This common parasite, known as the hymenolepis nana or the dwarf tapeworm, may carry cancer cells that may take root in people with weakened immune systems. The malignant cells are pictured here. (Centers for Disease Control and Prevention)

Scientists from the Centers for Disease Control and Prevention have identified a puzzling and unsettling new cancer-like condition in a 41-year-old man, who is believed to have become ill through a common stomach bug.

The case — the first known transmission of cancer cells from a parasite to a human — involves an HIV patient from Colombia who developed multiple, large tumors in various parts of his body. Local doctors biopsied those tumors and found that the cells acted like cancer cells in their destructiveness but were strange in other respects. For one, they were about 10 times smaller than normal human cancer cells. The doctors contacted the CDC for help.

Atis Muehlenbachs, an agency pathologist in the special unit that investigates unexplained mystery illnesses and deaths, wasn't sure what to make of the cell samples when he and his team received them in 2013. The cells' growth pattern was cancer-like, they noticed, with overcrowding and a high rate of multiplication. But the cells also fused together, which is rare for human cells.

One early theory, Muehlenbachs said in an interview Wednesday, was that they could be a new type of infectious organism. But after performing dozens of tests, the team discovered the cells contained DNA snippets of a dwarf tapeworm, Hymenolepis nana. That analysis was verified by a researcher and tapeworm expert at the Natural History Museum in London.

"In the initial months, we wondered if this was a weird human cancer or some unusual, bizarre emerging protozoa-amoeba-like infection," he recalled. "Discovering these cells had tapeworm DNA was a big surprise — a really big surprise."

The CDC researchers, who published their findings Wednesday in the New England Journal of Medicine, now think the Colombian man may have ingested some microscopic tapeworm eggs, most likely in food contaminated by mouse droppings, insects or human feces. Because of the man's compromised immune system, the tapeworms multiplied rapidly inside his gastrointestinal tract and the cells invaded other parts of his body. It's unclear whether the cells in the tapeworm eggs exhibited cancer-like properties before they entered the man's body or whether some interaction between the parasite and his body then caused them to become cancerous.

[5 important things you need to know about tapeworm cancer in humans]

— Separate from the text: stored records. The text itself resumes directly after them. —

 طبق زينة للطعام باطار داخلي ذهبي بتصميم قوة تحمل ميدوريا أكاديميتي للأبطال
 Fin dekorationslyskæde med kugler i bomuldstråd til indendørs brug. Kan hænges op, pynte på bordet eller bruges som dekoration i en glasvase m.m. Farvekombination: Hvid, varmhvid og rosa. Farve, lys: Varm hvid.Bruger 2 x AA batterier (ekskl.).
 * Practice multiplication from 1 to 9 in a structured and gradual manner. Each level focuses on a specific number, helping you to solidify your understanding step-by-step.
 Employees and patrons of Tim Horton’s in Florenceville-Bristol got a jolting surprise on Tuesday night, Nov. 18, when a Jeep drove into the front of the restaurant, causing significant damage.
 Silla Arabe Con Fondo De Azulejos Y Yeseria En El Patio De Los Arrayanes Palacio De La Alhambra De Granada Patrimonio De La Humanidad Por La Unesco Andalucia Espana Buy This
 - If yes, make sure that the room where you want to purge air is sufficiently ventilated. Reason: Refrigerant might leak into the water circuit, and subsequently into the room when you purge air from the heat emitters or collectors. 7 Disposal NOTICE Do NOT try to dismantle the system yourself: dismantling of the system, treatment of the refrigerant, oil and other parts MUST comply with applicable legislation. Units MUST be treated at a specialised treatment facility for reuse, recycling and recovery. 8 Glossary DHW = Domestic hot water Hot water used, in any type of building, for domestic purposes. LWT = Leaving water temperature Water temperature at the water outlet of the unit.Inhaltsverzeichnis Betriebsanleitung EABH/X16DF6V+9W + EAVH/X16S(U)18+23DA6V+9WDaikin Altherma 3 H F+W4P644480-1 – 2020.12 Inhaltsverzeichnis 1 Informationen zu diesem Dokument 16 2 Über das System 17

"This is the first time we've seen parasite-derived cancer cells spreading within an individual,"  Muehlenbachs said. "This is a very unusual, very unique illness."

The case study is worrisome for numerous reasons.

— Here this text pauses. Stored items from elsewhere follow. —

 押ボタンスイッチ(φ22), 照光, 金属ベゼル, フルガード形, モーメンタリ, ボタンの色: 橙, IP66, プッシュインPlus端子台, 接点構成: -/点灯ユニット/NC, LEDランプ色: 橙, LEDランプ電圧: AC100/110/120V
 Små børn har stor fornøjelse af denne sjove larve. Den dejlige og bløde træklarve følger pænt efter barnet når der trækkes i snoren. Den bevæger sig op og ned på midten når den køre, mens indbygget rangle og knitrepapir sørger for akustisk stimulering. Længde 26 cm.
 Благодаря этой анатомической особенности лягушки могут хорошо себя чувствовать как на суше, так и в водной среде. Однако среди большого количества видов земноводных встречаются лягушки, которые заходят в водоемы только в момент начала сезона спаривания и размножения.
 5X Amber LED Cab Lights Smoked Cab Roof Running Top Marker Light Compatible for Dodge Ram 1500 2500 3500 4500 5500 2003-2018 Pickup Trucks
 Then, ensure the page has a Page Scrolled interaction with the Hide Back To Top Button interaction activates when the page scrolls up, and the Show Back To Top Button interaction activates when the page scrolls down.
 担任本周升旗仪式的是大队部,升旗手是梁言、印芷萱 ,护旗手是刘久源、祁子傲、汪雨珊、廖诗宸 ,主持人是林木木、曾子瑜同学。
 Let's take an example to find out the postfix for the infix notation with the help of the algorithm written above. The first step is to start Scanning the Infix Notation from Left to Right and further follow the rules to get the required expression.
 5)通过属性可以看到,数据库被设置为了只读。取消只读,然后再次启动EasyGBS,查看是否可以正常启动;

We know that many creatures, such as various sea animals, are susceptible to cancer, while others, like elephants, are almost immune to it. But until now, scientists had not believed that any human parasite could harbor cancer cells or transfer them to people.

We've also known that certain parasitic infections may put people at higher risk for specific cancers — such as flatworms for bile duct cancer or a river creature called schistosoma haematobium for bladder cancer, according to the American Cancer Society. But the reason was wholly different, namely a hyper-immune response that may weaken an individual.

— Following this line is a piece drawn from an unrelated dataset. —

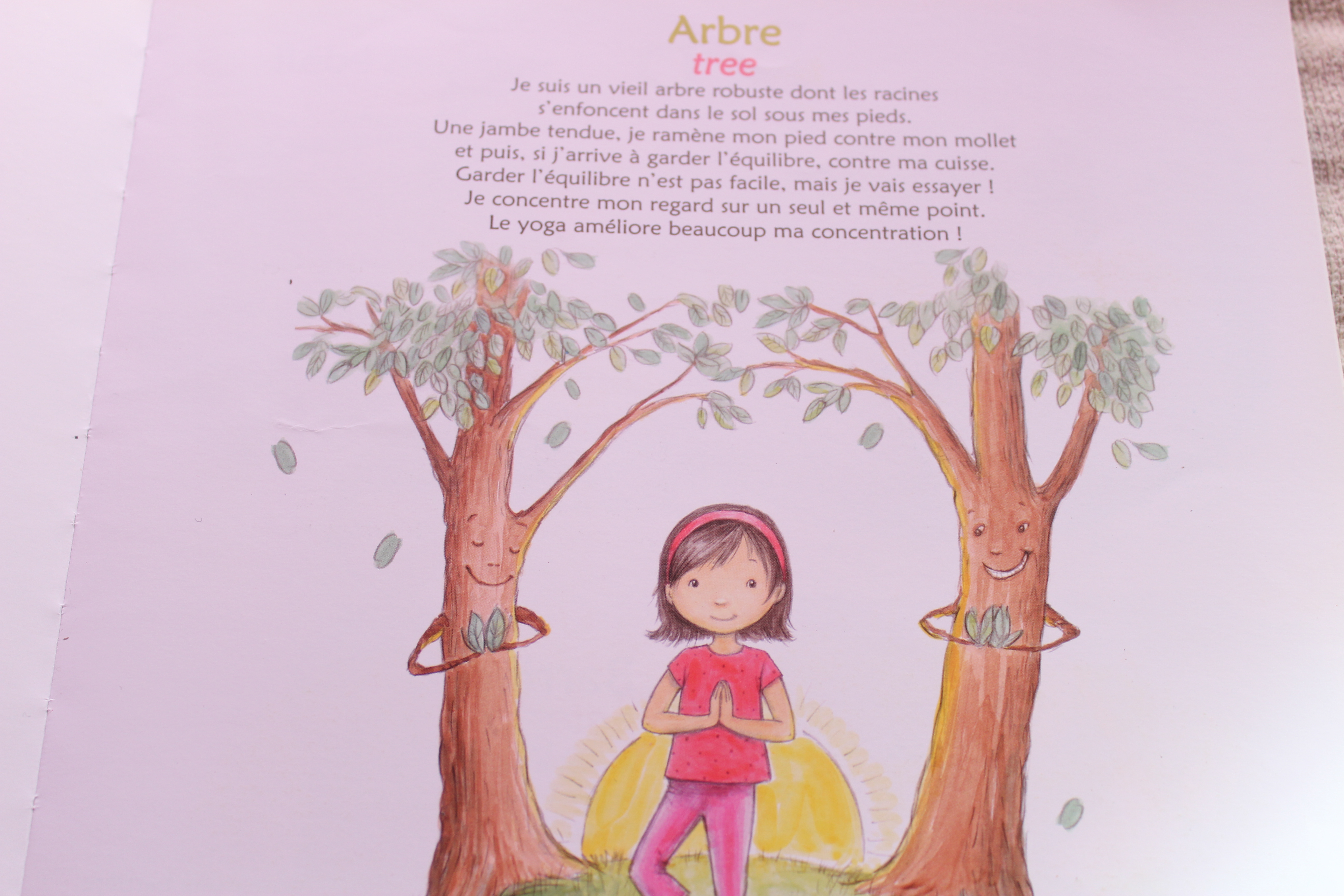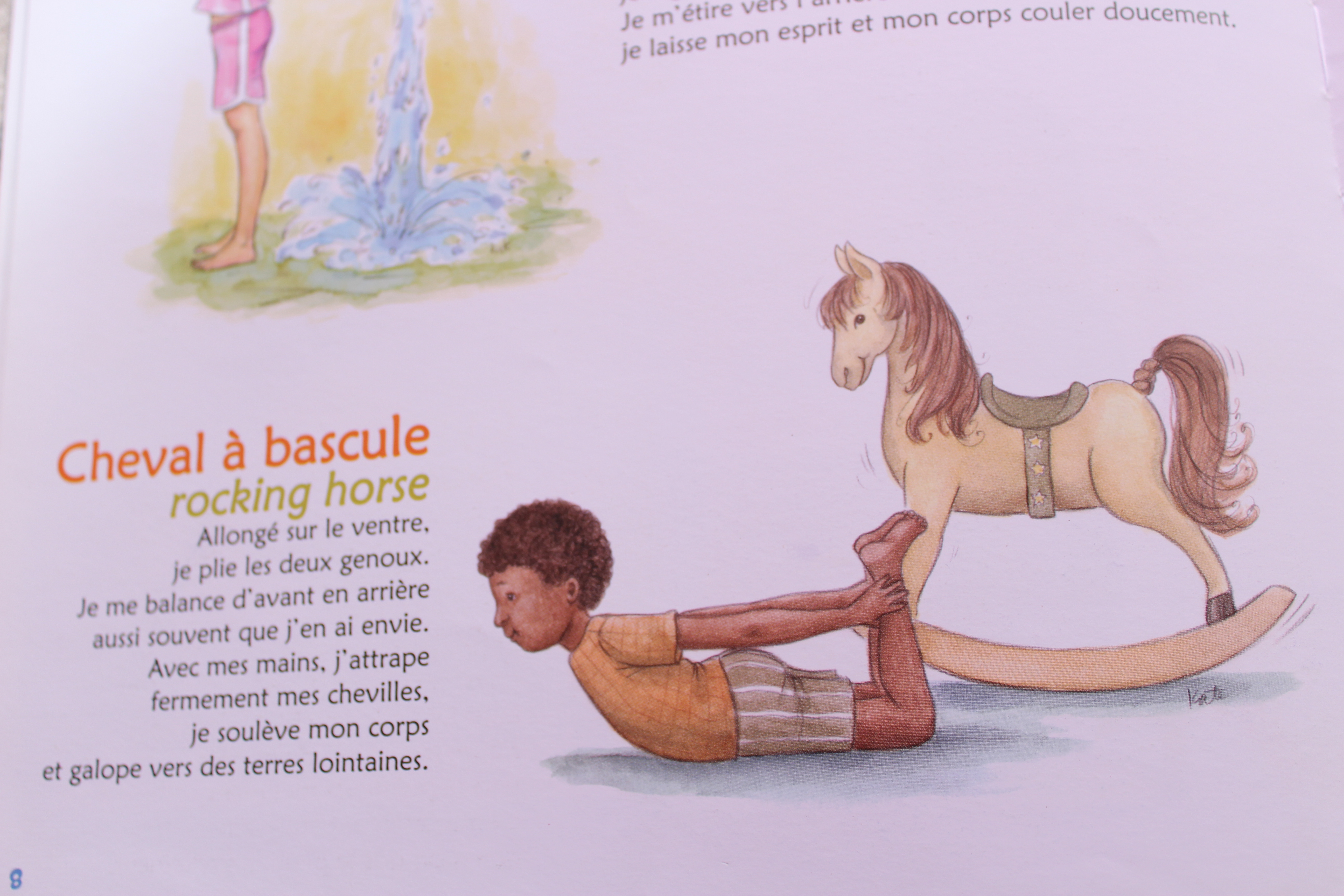 Comme vous pouvez le voir ce livre est usé, c’est parce que Eliza adore de faire toutes les postures et elle dort même avec ce livre tellement elle l’aime. En complément de nos livres yoga on a aussi utilisé notre dé de motricité qui combine des postures de yoga avec des mouvements.

A cross-section of a chest scan of the 41-year-old man shows large tumors. (Courtesy Pontifical Bolivarian University)

The presence of cancerous cells in tapeworms also raises numerous questions about where the mutant cells originated — from something in the environment? — and whether other organisms that live inside or on people that could transmit cancer cells. In recent years, many scientists have emphasized that the human body's ecosystem is only made up of 10 percent human cells but 90 percent microbial cells.

"We didn’t believe that cells from a human parasite could become malignant and then invade human tissue. … It's just very unusual that the parasite’s cells became cancerous inside a human and then invaded into human tissue," Bobbi Pritt, director of clinical parasitology at the Mayo Clinic, said in an interview.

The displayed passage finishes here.